Dr. James D. Watson, a molecular biologist, is best known as co-discoverers of the structure of DNA with Francis Crick in 1953. Watson, Crick, and Maurice Wilkins were awarded the 1962 Nobel Prize in Physiology or Medicine for this breakthrough work. Dr. Watson studied at the University of Chicago and Indiana University and subsequently worked at the University of Cambridge's Cavendish Laboratory in England. In 1956, he became a member of Harvard University's Biological Laboratories promoting research in molecular biology. He also served as director of Cold Spring Harbor Laboratory. There he shifted his research emphasis to the study of cancer. In 1994, he became its president and subsequently its chancellor until 2007. Between 1988 and 1992, he was associated with the National Institutes of Health, helping to establish the Human Genome Project. Dr. Watson has written many books including the seminal textbook The Molecular Biology of the Gene and The Double Helix about the DNA structure discovery.

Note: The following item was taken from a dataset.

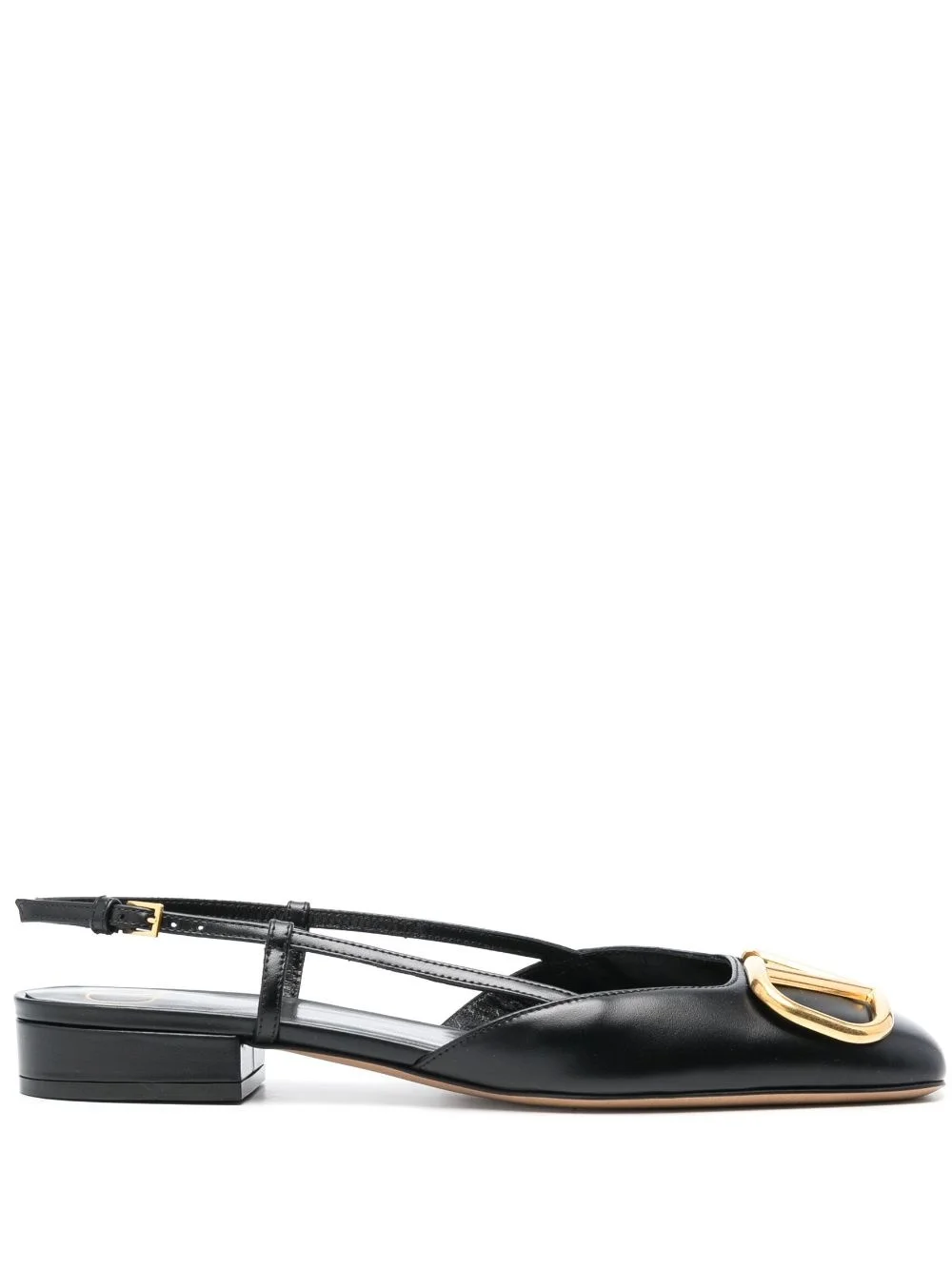 VLogo leather slingback ballerina shoes Showcasing Valentino Garavani's refined glamour, these slingback ballerina shoes are defined by the signature VLogo plaque. Made in Italy, the leather pair has a contemporary square toe and a buckle-fastening slingback. Highlights - Black - Calf leather - Maxi vlogo signature - Branded footbed - Square toe - Buckle-fastening slingback strap - Low stacked heel Made in Italy Composition Outer: Calf Leather 100% Lining: Calf Leather 100% Sole: Calf Leather 100% SIZE & FIT Measurement HEEL 0.78 in(2 cm)

Dr. Edward O. Wilson is a biologist, researcher, theorist, naturalist and author. His biological specialty is myrmecology, the study of ants. He is Pellegrino University Research Professor in Entomology for the Department of Organismic and Evolutionary Biology at Harvard and a Fellow of the Committee for Skeptical Inquiry. He is a Humanist Laureate of the International Academy of Humanism. A two-time winner of the Pulitzer Prize for general non-fiction, he is known for his career as a scientist, his advocacy for environmentalism, and his secular humanism. Wilson coined the phrase scientific humanism as "the only worldview compatible with science's growing knowledge of the real world and the laws of nature". His many honors include the U.S. National Medal of Science, the International Prize for Biology, the Carl Sagan Award for Public Understanding of Science, and the AHA’s 1999 Humanist of the Year.